当前位置:网站首页>The Google File System (GFS) learning notes
The Google File System (GFS) learning notes
2022-06-24 20:35:00 【zhanyd】
List of articles
Introduction
This article was written by xuwenhao, a teacher of geek time 《 Interpretation of classic big data papers 》 Course notes , A lot of text and pictures come from the column , Delete if there is infringement .
This article 2003 A paper published in 1987 , Although it's been a long time , But it is still a classic paper in the field of big data . Address of thesis :The Google File System
The core of this paper is to solve the problem of how to efficiently store massive data in a distributed environment .
GFS The architecture of
GFS It's single Master framework , single Master Give Way GFS The architecture of has become very simple , Avoids the need to manage complex consistency issues . But it also brings many limitations , For example, once Master Something goes wrong , The entire cluster cannot write data .
Throughout GFS in , There are two types of servers , One is Master, That is the whole GFS There is only one master node in ; The second is chunkserver, That is, the node that actually stores data .
since GFS It's called a distributed file system , So this file , In fact, you can not store on the same server .
therefore , stay GFS Inside , Will put each file according to 64MB The size of a piece , Cut into pieces chunk. Every chunk There will be one in GFS The only one on the handle, This handle It's actually a number , Be able to uniquely identify specific chunk. And then every one chunk, In the form of a file , Put it in chunkserver On .
and chunkserver, In fact, it is an ordinary Linux The server , There is a user mode GFS Of chunkserver Program . This program will be responsible for Master as well as GFS The client of RPC signal communication , Complete the actual data reading and writing operation . Of course , In order to ensure that the data does not chunkserver If it is broken, it will be lost , Every chunk All three copies will be saved (replica).
One of them is the master data (primary), Two copies are secondary data (secondary), When the three data are inconsistent , The master data shall prevail . There are three copies , It can not only prevent data loss for various reasons , It can also be used when there are many concurrent reads , The pressure read by the sharing system .

First ,master It will store three main metadata (metadata):
1. Document and chunk Namespace information for , That is, similar to the previous /data/geektime/bigdata/gfs01 Such path and file name ;
2. How many of these files are split into chunk, That is, the full path file name to multiple chunk handle The mapping relation of ;
3. these chunk What is actually stored chunkserver On , That is to say chunk handle To chunkserver The mapping relation of .
About Metadata, The original text of the thesis is as follows :
The master stores three major types of metadata: the file and chunknamespaces, the mapping from files to chunks, and the locations of each chunk’s replicas. All metadata is kept in the master’s memory. The first two types (namespaces and file-to-chunkmapping) are also kept persistent by logging mutations to an operation log stored on the master’s local diskand replicated on remote machines. Using a log allows us to update the master state simply, reliably, and without risking inconsistencies in the event of a master crash. The master does not store chunklocation information persistently.
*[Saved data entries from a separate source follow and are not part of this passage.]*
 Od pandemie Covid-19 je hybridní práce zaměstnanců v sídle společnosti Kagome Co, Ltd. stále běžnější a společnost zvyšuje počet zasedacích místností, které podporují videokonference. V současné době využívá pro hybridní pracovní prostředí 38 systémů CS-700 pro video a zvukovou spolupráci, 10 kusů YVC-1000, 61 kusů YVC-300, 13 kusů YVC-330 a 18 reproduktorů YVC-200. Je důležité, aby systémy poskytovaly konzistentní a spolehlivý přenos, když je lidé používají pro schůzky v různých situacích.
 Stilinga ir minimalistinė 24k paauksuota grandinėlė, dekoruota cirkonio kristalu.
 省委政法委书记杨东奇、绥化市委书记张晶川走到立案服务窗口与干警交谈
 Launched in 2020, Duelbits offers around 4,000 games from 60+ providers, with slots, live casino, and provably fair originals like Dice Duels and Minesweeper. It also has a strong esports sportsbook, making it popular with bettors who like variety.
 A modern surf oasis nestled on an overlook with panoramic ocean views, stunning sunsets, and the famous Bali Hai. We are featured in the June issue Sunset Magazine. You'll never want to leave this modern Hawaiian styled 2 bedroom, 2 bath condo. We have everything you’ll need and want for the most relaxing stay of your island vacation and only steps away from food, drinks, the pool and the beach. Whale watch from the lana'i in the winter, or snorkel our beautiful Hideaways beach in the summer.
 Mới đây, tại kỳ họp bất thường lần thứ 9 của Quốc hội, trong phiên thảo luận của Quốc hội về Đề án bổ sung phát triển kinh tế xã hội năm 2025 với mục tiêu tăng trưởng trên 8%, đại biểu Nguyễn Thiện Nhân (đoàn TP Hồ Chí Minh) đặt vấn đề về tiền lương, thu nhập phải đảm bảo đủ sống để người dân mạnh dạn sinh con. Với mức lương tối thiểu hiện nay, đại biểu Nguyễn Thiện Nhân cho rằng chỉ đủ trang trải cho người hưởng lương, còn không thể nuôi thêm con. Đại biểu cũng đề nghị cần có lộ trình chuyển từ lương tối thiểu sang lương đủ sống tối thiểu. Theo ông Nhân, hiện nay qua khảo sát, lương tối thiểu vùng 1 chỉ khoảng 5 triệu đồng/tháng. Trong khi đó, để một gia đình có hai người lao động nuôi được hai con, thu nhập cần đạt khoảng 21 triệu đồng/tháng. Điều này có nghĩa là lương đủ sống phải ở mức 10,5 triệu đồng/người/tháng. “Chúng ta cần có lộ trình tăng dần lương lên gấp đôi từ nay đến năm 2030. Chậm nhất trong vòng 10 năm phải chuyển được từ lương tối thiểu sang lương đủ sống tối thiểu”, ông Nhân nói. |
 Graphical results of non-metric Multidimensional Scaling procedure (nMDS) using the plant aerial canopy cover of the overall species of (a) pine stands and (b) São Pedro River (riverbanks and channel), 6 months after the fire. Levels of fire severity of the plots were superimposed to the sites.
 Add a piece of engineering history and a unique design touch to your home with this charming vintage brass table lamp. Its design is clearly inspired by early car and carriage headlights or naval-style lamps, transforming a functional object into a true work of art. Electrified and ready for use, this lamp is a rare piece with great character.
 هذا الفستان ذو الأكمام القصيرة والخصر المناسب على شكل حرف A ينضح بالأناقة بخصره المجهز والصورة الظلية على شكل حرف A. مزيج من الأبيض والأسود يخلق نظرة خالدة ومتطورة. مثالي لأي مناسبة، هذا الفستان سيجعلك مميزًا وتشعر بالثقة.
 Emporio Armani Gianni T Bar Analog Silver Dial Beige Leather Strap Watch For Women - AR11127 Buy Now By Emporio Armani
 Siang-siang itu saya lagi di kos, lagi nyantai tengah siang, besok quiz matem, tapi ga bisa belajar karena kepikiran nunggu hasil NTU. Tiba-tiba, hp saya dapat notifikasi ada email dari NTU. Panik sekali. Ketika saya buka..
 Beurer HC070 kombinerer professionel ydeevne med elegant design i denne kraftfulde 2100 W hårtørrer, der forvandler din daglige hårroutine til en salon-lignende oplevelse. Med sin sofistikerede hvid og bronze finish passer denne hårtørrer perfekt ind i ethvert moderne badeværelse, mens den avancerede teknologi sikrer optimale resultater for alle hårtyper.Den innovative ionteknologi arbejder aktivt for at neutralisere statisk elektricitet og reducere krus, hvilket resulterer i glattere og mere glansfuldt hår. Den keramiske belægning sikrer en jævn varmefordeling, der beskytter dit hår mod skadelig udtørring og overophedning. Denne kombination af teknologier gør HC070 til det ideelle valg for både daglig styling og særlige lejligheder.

Instead, it asks each chunkserver about its chunks at master startup and whenever a chunkserver joins the cluster.

Reading data
The steps for the client to read data are as follows :
1. The client first finds the data to be read in the first few chunk in , Because of every chunk The length is fixed 64M, The client will read the file according to the offset and length You can calculate the number of data you need chunk On . The client compares the file name with chunk Send your message to Master.
2.Master When you get the information , Will be able to chunk Where all the corresponding copies are located chunkserver Tell the client .
3. The client gets chunk Where chunkserver After the message , The client can go to any one chunkserver Read the data you need in .
The original picture of the paper is as follows :
single Master Nodes can easily become performance bottlenecks , once Master Hang up , The service will stop . To improve performance ,Master All data of the node , Are stored in memory , This can also cause problems , Once Master Hang up , The data will be lost . therefore ,Master It will record the operation log and generate the corresponding data on a regular basis Checkpoints persist , That is to write to the hard disk .
This is to ensure that in Master The data in , It will not be lost because of a machine failure . When Master When the node restarts , Will first read the latest Checkpoints, Then replay (replay)Checkpoints Subsequent operation logs , hold Master The state of the node is restored to the latest state . This is the most common recoverable mechanism used by storage systems .
But here comes the problem , If Master The nodes are completely obsolete ? Hardware failure , What should I do if I can't even turn it on ?
Don't be afraid of , We still have a spare tire , They are called Backup Master, We are Master Write up operation , The corresponding operation records will be saved to the disk , also Back Master After the data on is saved successfully , The whole operation is successful . The whole process is synchronous , be called “ Synchronous replication ”. When Master After hanging up , Will choose one Backup Master The spare tire is in full swing , Become new Master.
But switch to new Master The process may also be relatively long , Read required Checkpoints And operation log , This may affect the use of the client , In order to prevent this short period of service suspension , The designer added another name “ shadow Master” Things that are , shadow Master Will keep syncing Master The data in , However, when Master When something goes wrong , Clients can learn from these shadows Master Find the information you want . shadow Master Is read-only , And it is asynchronous replication , So there won't be much performance impact .
Writing data
The main steps for the client to write data are as follows :
First step , The client will ask master The data to be written , Where should I chunkserver On .
The second step , Just like reading data ,master Will tell the client all the secondary copies (secondary replica) Where chunkserver. It is not enough ,master It also tells the client which replica yes “ The eldest brother ”, That is, the master copy (primary replica), The data shall be subject to it at this time .
The third step , Get what data should be written to chunkserver After , The client will send the data to be written to all replica. But this time ,chunkserver After getting the data sent, it won't really be written down , Only put the data in one LRU In the buffer of .
Step four , Wait until all copies have received data , The client will send a write request to the primary replica .GFS Facing hundreds of concurrent clients , Therefore, the primary replica may receive write requests from many clients . The master copy itself will arrange these requests in a certain order , Ensure that all data writes are in a fixed order . Next , The primary replica starts in this order , The just now LRU The data in the buffer of is written to the actual chunk In go to .
Step five , The primary replica will forward the corresponding write request to all secondary replicas , All secondary replicas are written in the same order as the primary replica , Write data to the hard disk .
Step six , After the data of the secondary replica is written , Will reply to the master copy , I have finished writing the data just like you .
Step seven , The primary replica then tells the client , The data is written successfully . If an error occurs in the process of writing data to any replica , This error will be told to the client , This means that the write failed .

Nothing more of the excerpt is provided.